Known for hosting pop-up “street-corner story times” for kids of all ages, the self-described “radical street librarian” has donated thousands of free books to children through pop-up events and a vending machine for picking out books at no cost.

Before you became a librarian, you were a teacher, giving away books to kids from your own home library. How did this evolve into Storybook Maze?
When I first started working as a librarian, I realized that the kids who were coming in weren’t the same ones I was reading to out on my front stoop. I wanted to think of innovative and engaging ways to reintroduce those kids to the idea of reading.
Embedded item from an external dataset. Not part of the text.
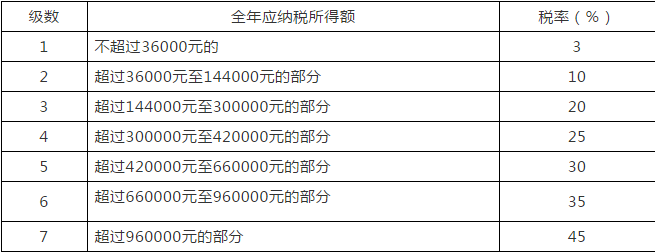 (注1:本表所稱全年應(yīng)納稅所得額是指依照本法第六條的規(guī)定,居民個(gè)人取得綜合所得以每一納稅年度收入額減除費(fèi)用六萬元以及專項(xiàng)扣除、專項(xiàng)附加扣除和依法確定的其他扣除后的余額。

In Baltimore, book access varies by location, with children in the “Black Butterfly” neighborhoods estimated to have fewer books at home. How do you choose your pop-up library locations?
I’m always looking for locations with high foot traffic—where the kids already are and where the community is already going. We focus on Black neighborhoods. But also, we use a book desert [map] from Unite for Literacy, which has identified areas where children are estimated to have between zero and 10 books at home.

What goes into curating your selections?
We know that when kids have books that they can relate to and can see themselves in, they’re more eager to read. For us, this means books with Black characters, who live in neighborhoods like our kids live in, celebrate the same things they do, and reflect their lives. We also talk to community leaders, teachers, and organizations in the area and see where they think kids need support the most. Some kids need more positive affirmations, so we give them a book like I Am Amazing!

This year, you installed a book vending machine at the Randallstown YMCA, with plans for more in the future. What comes next for Storybook Maze?
Right now, we’re doing free pop-up bookstores, where we partner with community organizations to offer a free selection of curated books. Next summer, we hope to start up streetcorner story times again. We’re looking to add a “book bus,” so we can visit multiple locations a day…There are a lot of great organizations that are working toward [youth literacy], but we can do so much more. One of our visions is to make Baltimore “The City That Reads” again.